Question about improving wireless signal

shorr8

Reputable
Apr 9, 2014
23
0
4,510
Hey guys, I'm a bit clueless when it comes to networking and wireless connections. I've always had issues with my wireless connection on my laptop, so I've always used my phones hotspot instead. I figured it's about time I find a solution so I can have improved connection from here on out.

The modem/router are in our front office in the left corner of the house on the downstairs floor, whereas my room is in the upstrairs in the right corner above the garage. (It's the only upstairs room).

Other electronics work up there better than my laptop, but they too seem to often teeter on the connection. My Apple TV works fine for the most part, as does my iPad though it does more moments of a slowed connection than the Apple TV.

But the laptop gets the bulk of the problem, it can find the network and connect to it, but surfing often (very often) slows to a crawl, and playing online games is an enormous hassle. It very rarely connects to an online game server.

Today I brought the laptop into the same room as the router/modem and used it there. It connected to game servers flawlessly and my ping was vastly better than upstairs. I did an Ethernet connection and it was even quicker.

So I'm looking for an effective way to have the network hub not be in that front office, but instead in the upstairs room. I can't move it because of how it's wired through the walls specifically for that room. But I was hoping that there is a way to get a second router working in the upstairs room so that there could be a hub in both rooms, possibly allowing for an Ethernet connection since I don't move my laptop around much so a stable and quicker connection would be cool.

Sorry if a little wordy, I wanted to try and explain it as well as I could.
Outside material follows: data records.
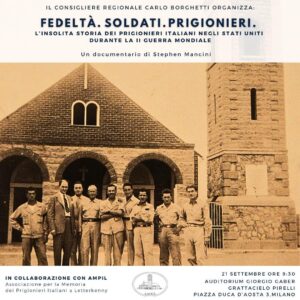 L’appuntamento è per il prossimo 21 settembre alle 09.30 presso l’Auditorium Giorgio Gaber presso Grattacielo Pirelli, via Duca d’Aosta 3, Milano, alla presenza del Consigliere Regionale Carlo Borghetti, dell’assessora ai Servizi Civici e Generali del Comune di Milano Gaia Romani, del regista Steve Mancini, dei rappresentanti di AMPIL e di una delegazione di figli dei soldati italiani prigionieri di guerra in Stati Uniti.
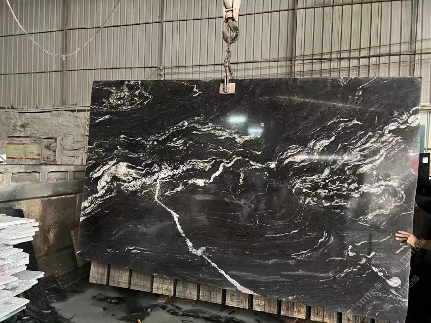春偉石業(yè):宇宙黑繩鋸大板/云黑石/安哥拉黑沙鋸大板
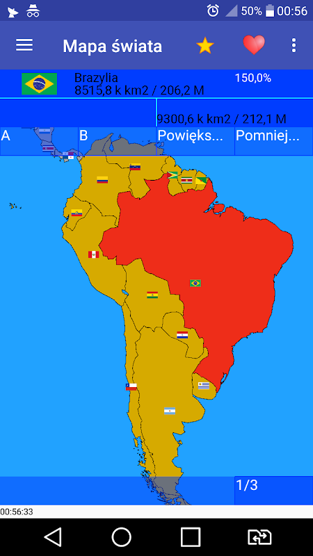 أقدم لكم تطبيقًا يتضمن خريطة تفاعلية للعالم. كل بلد لديه البيانات: مساحة السطح والسكان.
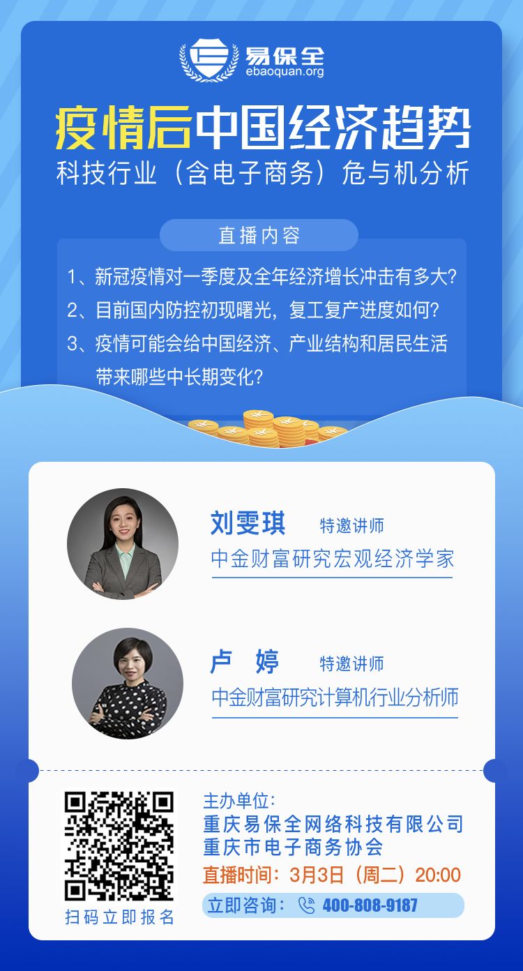 为助力各大企业渡过难关,转"危"为"机"。易保全联合重庆市电子商务协会特别邀请到中国国际金融股份有限公司(中金)两位资深专家,进行“疫情后中国经济趋势科技行业(含电子商务)危与机分析”线上公益直播课分享,为我们带来线上直播解读,现场答疑指导。

Any help is greatly appreciated!
 
Solution
Yes, you can put a second router upstairs, best to reconfigure it as an access point (2 routers = 2 separate networks, 1 router + 1 access point = 1 big network).

Do you have an Ethernet cord connecting the routers?
If not you could get a powerline network adapter (500+ mbps ones) and use that if you just cant connect the two via Ethernet.
Yes, you can put a second router upstairs, best to reconfigure it as an access point (2 routers = 2 separate networks, 1 router + 1 access point = 1 big network).

Do you have an Ethernet cord connecting the routers?
If not you could get a powerline network adapter (500+ mbps ones) and use that if you just cant connect the two via Ethernet.
 
Solution


Currently the only thing set up for our network is an Arris DG860 downstairs (we had two separate boxes but comporium came out and replaced those for this single box). I would have to pick up a second router to put upstairs, I wouldn't be able to connect them with Ethernet because it would be too far of a distance to configure it that way I think.

What is a powerline network adapter and how much would that run me? Also, how do I go about configuring the second router as an access point once I get one?

Thank you for your response!
 
You can get a second router working as a mesh network if you have the right routers and that does not require a wired connection between the two. There is always a fair bit of configuration though whenever there are two wireless routers.
If you can get a wired connection up there direct from the router, that would be a lot easier and more reliable.
Powerline adapters are the next best thing. The should work well providing the power point in both rooms is on the same circuit.
 


Maximum distance for 1Gbps ethernet over cat 5e or cat 6 cable is 100m.